The second shifting theorem, also called the t-shifting or time-shifting property, states: if L{f(t)} = F(s), then L{f(t−a)u(t−a)} = e^(−as)F(s) for a ≥ 0. The function f(t−a)u(t−a) represents f(t) delayed by a seconds and turned on by the Heaviside step at t = a. In the s-domain, this delay appears as multiplication by the exponential e^(−as). The theorem works in reverse too: L⁻¹{e^(−as)F(s)} = f(t−a)u(t−a), meaning any exponential factor e^(−as) in F(s) indicates a time delay of a seconds in the time-domain function.

Key Formulas

2nd Shifting Theorem: Proof from the Definition

The 2nd shifting theorem proof starts from the Laplace definition: L{f(t−a)u(t−a)} = ∫₀^∞ e^(−st)f(t−a)u(t−a)dt.

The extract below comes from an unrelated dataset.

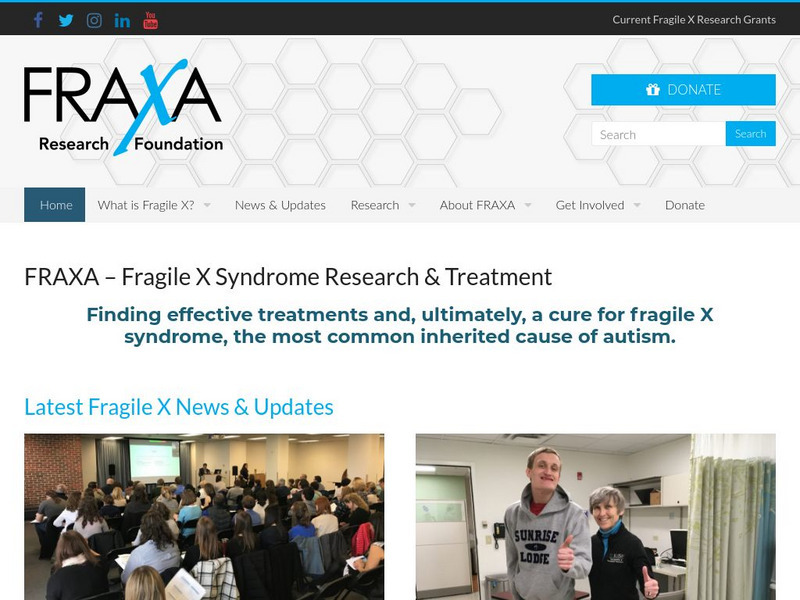FRAXA is an organization started by parents in 1994 to support and encourage scientific research aimed at finding a cure for Fragile X, responsible for inherited mental impairment and autism. Access information on Fragile X Syndrome...
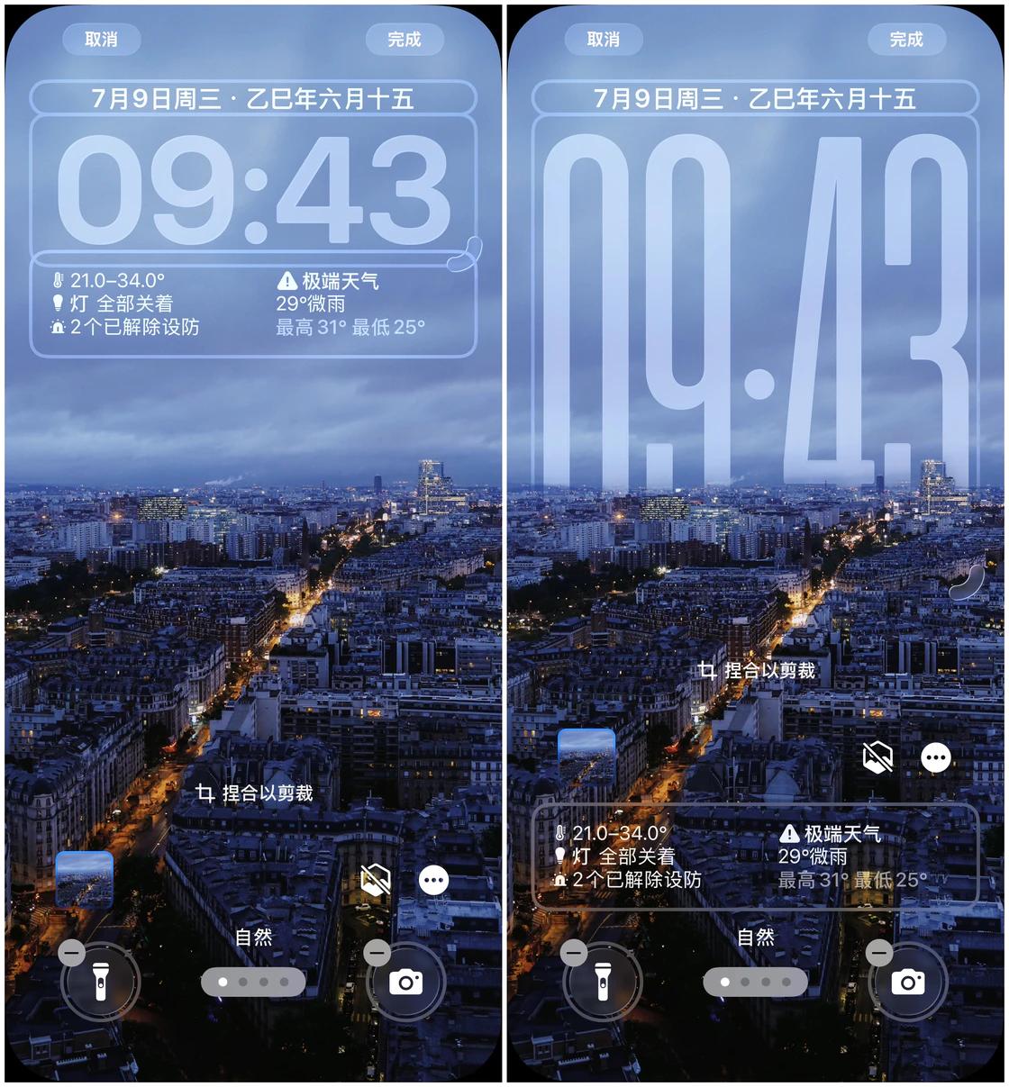 Apple 还为时间组件加入了根据壁纸的内容自动进行变化的特性,比如说你将壁纸设置为随机照片,就可以观察到每次壁纸更换时时钟组件都有所不同,包括字重、自宽和字高都会针对壁纸内容进行适应。

Since u(t−a) = 0 for t < a, the lower limit becomes a: ∫ₐ^∞ e^(−st)f(t−a)dt. Substituting τ = t−a (so t = τ+a, dt = dτ): ∫₀^∞ e^(−s(τ+a))f(τ)dτ = e^(−as)∫₀^∞ e^(−sτ)f(τ)dτ = e^(−as)F(s). The key step is the substitution that factors out e^(−as) from the integral, cleanly separating the delay from the function shape. This proof also shows why the step function u(t−a) is necessary: it ensures f(t−a) is zero before the delay time.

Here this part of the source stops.